For the record, I agree with you both that a random person shouldn't just try to "DIY it".

However, I think some of the risks you mentioned can be attacked. Humans are very sensitive to LPS, with a fatal dose ranging in 1 ug/kg, however people have survived (and ethics boards have cleared experiments using!) doses of 4 ng of *purified* LPS per kg, so around 140 ng of LPS (https://www.ncbi.nlm.nih.gov/pubmed/2835680/). Assuming a saturated culture is completely made up of E.coli, about .1 ul of that culture would come out to around 100 ng of E.coli and thus would be around that dose, assuming E.coli is entirely made up of LPS, which it is not. At the same time, .1 ul of saturated culture would probably contain enough E.coli to mount an adaptive response against. You could even dilute further down to .01 ul... if an e.coli is about 1 femtoliter then .01 ul still contains 10 million e.coli so...  seems like it would be enough. Also I'd like to reiterate that these would be dead E.coli that have been thermally lysed. 

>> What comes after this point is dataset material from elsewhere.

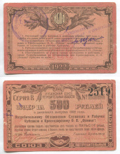 Армавир. Кубанский Союз Потребительских Обществ. Ордер. 500 руб. Рябч.2 № 5706 #2519

Anyways, at that point you wouldn't be dying of LPS toxicity. And the idea would be to proceed by eliminating risks one by one until the risk/reward payoff is positive, even if the payoff is small (slight chance of becoming immune to virus that probably won't kill you). 

[Cathal Garvey]

Just to change direction here a bit, (because in principle I do want to see better knowledge-bases on how to do medicine far from privilege): what's wrong with using inorganic adjuvents, which probably have a safer dose/response curve, probably lower response variability, and might be easier to determine purity/sterility?

[Michael Flynn]

I would say the difficulty there would be purifying the antigen, in that case? You would need to express the antigen in large quantities and purify it. You would need some kind of kit.

[Michael Flynn]

Regarding generating a B cell response vs a T cell response - doesn't a B cell response create a T cell response? If I remember correctly, if an antigen binds to a B cell receptor, it gets endocytosed, proteolytically processed, and presented on the membrane to T cells. 

[Michael Flynn]

https://www.frontiersin.org/articles/10.3389/fimmu.2017.00319/full

[Zonie deep]

Hola it's very easy to highly purify expressed proteins using affinity tags and resins that bind the tag. And very easy to make relatively large quanities.
Express the a portion of the receptor binding domain of the spike protein. There's data on best epitopes.

[Michael Flynn]

Just to make a correction to myself from before, .1 ul E.coli would contain 100 ug of the bacterium, not 100 ng. You would want to dilute it 1:1000  before re-dilution for injection - yikes! Don't try at home folks!

[Zonie deep]

You express covid protein in E. Coli and highly purify it biochemically. You can get rid of almost all of the lysate ie lps this way. Some insulin preps etc for human use are made similarily. There are lots of adjuvant formulations. I thinks there's a standard one for most of the many vaccines that are now in use. Of course you need some expertise for a hacker vaccine to make sure it's sterile right dosage adjuvant. Some type of safety test.